▶ **EXERCISE DIRECTIONS**
Images are not wanted; transcribe the rest of the listing exactly.
┌─ SUPPLIED MATERIAL
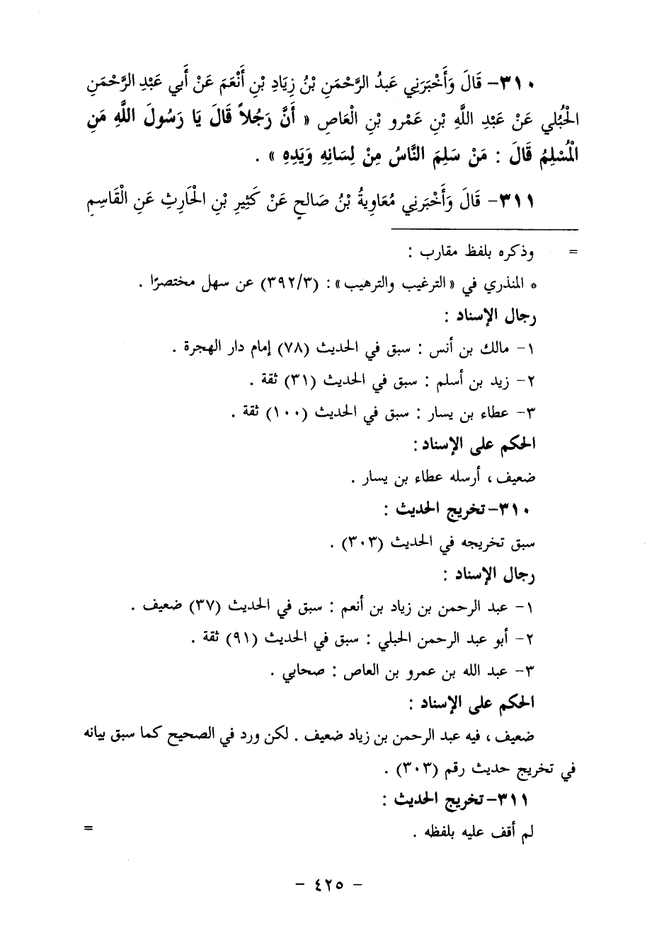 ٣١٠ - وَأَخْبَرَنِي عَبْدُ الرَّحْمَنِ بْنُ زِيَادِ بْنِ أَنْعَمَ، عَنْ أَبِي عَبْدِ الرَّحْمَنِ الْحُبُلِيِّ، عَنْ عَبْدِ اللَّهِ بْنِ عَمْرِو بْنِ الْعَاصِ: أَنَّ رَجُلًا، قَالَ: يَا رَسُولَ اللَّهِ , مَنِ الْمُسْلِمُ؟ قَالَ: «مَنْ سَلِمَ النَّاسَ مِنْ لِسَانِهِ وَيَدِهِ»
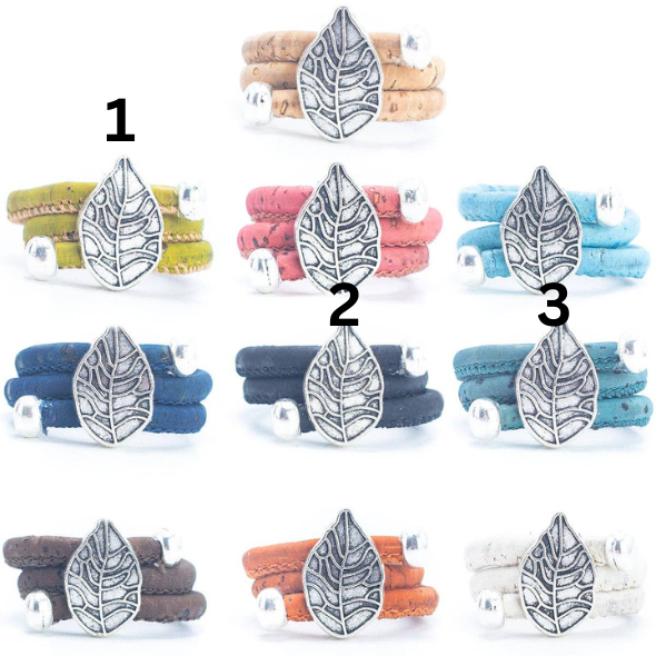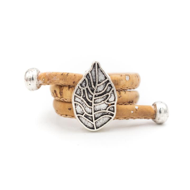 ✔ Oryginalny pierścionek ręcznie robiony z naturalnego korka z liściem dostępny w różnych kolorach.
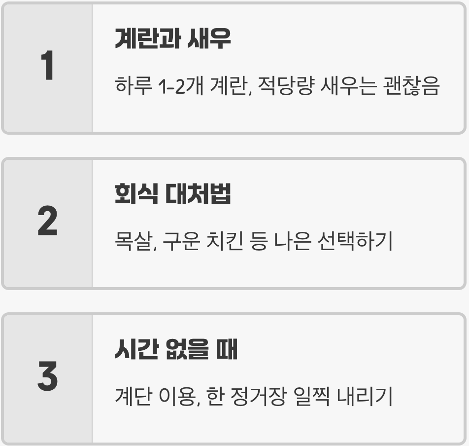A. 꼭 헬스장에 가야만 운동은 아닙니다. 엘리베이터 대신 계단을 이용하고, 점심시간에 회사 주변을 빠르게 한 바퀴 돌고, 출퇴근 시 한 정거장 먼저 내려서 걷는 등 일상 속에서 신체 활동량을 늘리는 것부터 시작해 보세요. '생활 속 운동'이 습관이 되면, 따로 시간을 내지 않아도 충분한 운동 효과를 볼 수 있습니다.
└─
▶ **EXERCISE SOLUTION**
 ٣١٠ - وَأَخْبَرَنِي عَبْدُ الرَّحْمَنِ بْنُ زِيَادِ بْنِ أَنْعَمَ، عَنْ أَبِي عَبْدِ الرَّحْمَنِ الْحُبُلِيِّ، عَنْ عَبْدِ اللَّهِ بْنِ عَمْرِو بْنِ الْعَاصِ: أَنَّ رَجُلًا، قَالَ: يَا رَسُولَ اللَّهِ , مَنِ الْمُسْلِمُ؟ قَالَ: «مَنْ سَلِمَ النَّاسَ مِنْ لِسَانِهِ وَيَدِهِ»
 ✔ Oryginalny pierścionek ręcznie robiony z naturalnego korka z liściem dostępny w różnych kolorach.
A. 꼭 헬스장에 가야만 운동은 아닙니다. 엘리베이터 대신 계단을 이용하고, 점심시간에 회사 주변을 빠르게 한 바퀴 돌고, 출퇴근 시 한 정거장 먼저 내려서 걷는 등 일상 속에서 신체 활동량을 늘리는 것부터 시작해 보세요. '생활 속 운동'이 습관이 되면, 따로 시간을 내지 않아도 충분한 운동 효과를 볼 수 있습니다.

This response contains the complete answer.